We summarize the political and economic forces that led to precarious work using the concept of neoliberalism. Neoliberalism is a set of ideological commitments and practices that have shaped the responses of governments to changes in global capitalism, such as greater globalization and technological transformation. In Japan, South Korea, and Indonesia the process of neoliberal globalization has intensified downward pressures on working conditions, enhanced capital mobility, weakened organized labor and limited the protections for workers, and generated entrenched economic inequality. Neoliberalism has played out in different ways in the three countries, depending on their balance of class forces, unique histories, demographics (especially their gender and age configurations), and social norms and cultures.

Institutions are important. We see institutions as the “social facts” that are external to individuals and coerce their behavior through social control and sanctions (Durkheim 1982). Institutions are durable and reproduce themselves over time (Clemens and Cook 1999). Nevertheless, they can be changed through collective actions, such as power struggles between capital and labor. We focus mainly on labor or work institutions; they set the rules, which many people agreed to, and thus legitimated, for longer or shorter periods, as effective means of solving the economic and political problems of production and distribution. They represent the hierarchical orderings of individuals and clusters of interests, the configurations of norms, and the rights and obligations that characterize the different types of actors in the economy. They describe the ways in which labor is divided, tasks are allocated, and authority is distributed (see Kalleberg and Berg 1987: 2).

We bring together two theoretical approaches that are usually kept separate to explain how institutions in Japan, South Korea, and Indonesia affect the incidence and consequences of precarious work. Our analysis integrates a historical institutionalist approach that sees institutions, once established at a critical juncture, as shaping behaviors in the broader society. At the same time, using insights from a critical political economy approach, we emphasize that institutions have their own histories and emerge from particular social and political struggles, especially those between capital and labor. Our synthesis of these two approaches takes particular care to show how institutions reflect power dynamics influenced by industrialization, democratization, and globalization in Asia. The political economy approach places greater emphasis on how features of the global capitalist division of labor influence power dynamics within countries and impact domestic institutions. These country-level institutions, in turn, are not static. In particular circumstances they can acquire considerable independence and affect the nature and structure of work and inequality.
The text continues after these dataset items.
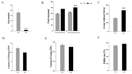 Fruit characteristics of WT and MT. Seed number per mature fruit (A); vertical and horizontal diameters of fruit (B); fruit average weight (C); fruit TSS contents (D); fruit TA contents (E); fruit edible rate (F). ** shape represents p < 0.01.
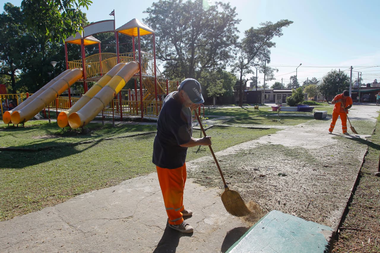 De manera paralela, se efectuaron trabajos de corte de césped y acondicionamiento general de la plaza de la zona, permitiendo que las familias puedan disfrutar de un espacio seguro, ordenado y accesible. Estas acciones se complementan con las políticas de mantenimiento continuo que impulsa el municipio para fortalecer los espacios verdes de la ciudad.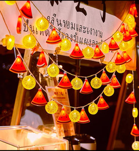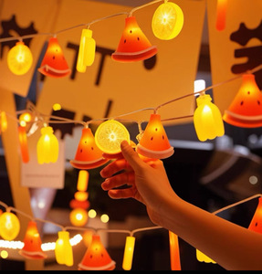 屋外屋台雰囲気ライト、夜市、フルーツ屋台、ワインボトルライト、小さなカラフルなライト、トランク誕生日装飾ライト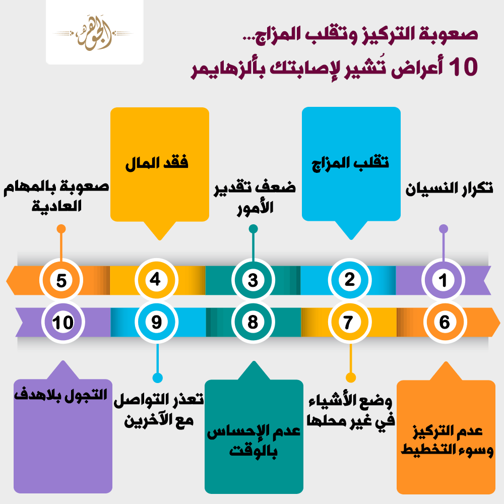 أصبح مرض ألزهايمر، يهدد الشباب إلى جانب كبار السن، وإذا كنت تعتقد أن شخصًا ما قد يكون مصابًا بألزايمر، فهناك 10 مؤشرات هامة قد تكون مؤشرًا قويًا على الإصابة بمرض ألزمايمر.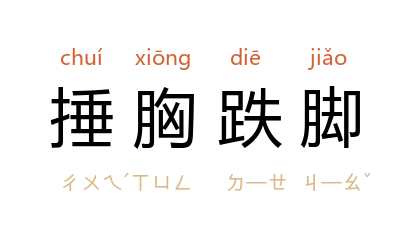 出处元 无名氏《冻苏秦》第二折:“不是我炒炒闹闹,痛伤情捶胸跌脚。”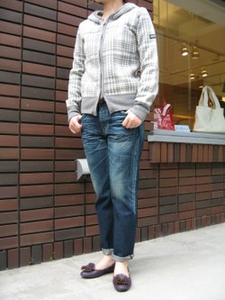 ・シューズ ¥13125 (インポート) ・パーカー ¥30975 (WOOLRICH) ・デニム ¥18900 (HARRISS *Leeコラボデニム)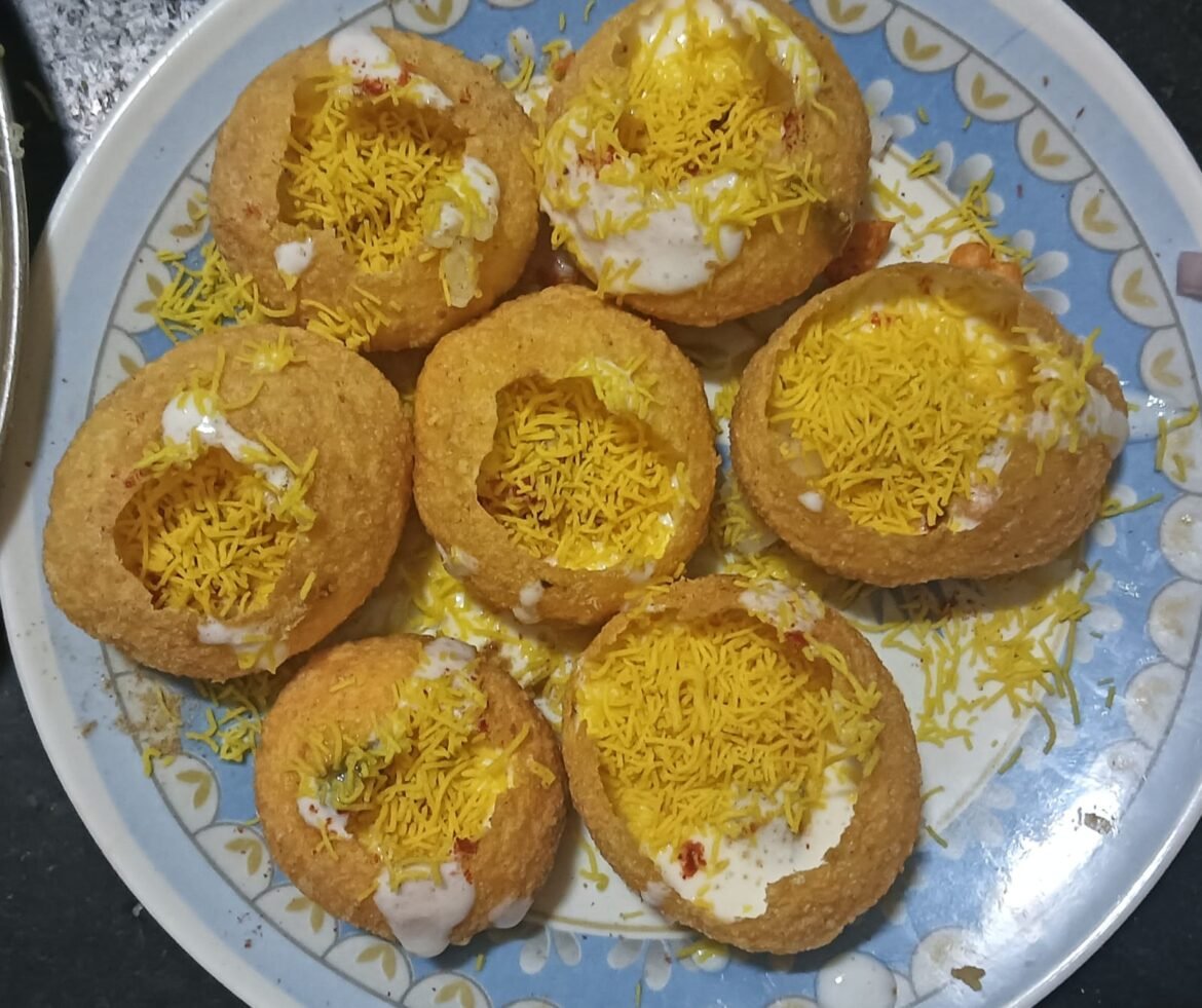 तुम्ही दही आणि साखर मिक्सरमधून सुद्धा फिरवून घेऊ शकतात. एका डिशमध्ये पाणीपुरीचे फुगे फोडून घ्या.

In this sense, these two theoretical approaches are complementary: The political economy approach explains the transnational and domestic forces and contests that shape particular institutions within countries, and historical institutionalist theories explain how these institutions structure precarious work and its outcomes.

Our theoretical perspective challenges mainstream economic explanations that view economic development and neoliberal-influenced policy as being primarily the consequences of market forces and that generally disregard or downplay the roles of political and social factors. In this mainstream view, political actions are imperfections in labor markets and institutions do not have significant influences on labor market outcomes. Rather, these outcomes reflect changes in skills, technology, and productivity, among other things (see D. R. Howell and Kalleberg 2019). Economists who hold this view might explain the rise of nonregular work arrangements as reflecting the preferences of individuals, such as women wanting to work part-time or on a temporary basis to deal with the needs of their families. Mainstream economists might also consider situations in which growth in international competition leads to employers having less capacity to secure their profits using standard work arrangements (with fixed costs and, in some cases, employment security guarantees and benefits) and therefore turning to more flexible arrangements.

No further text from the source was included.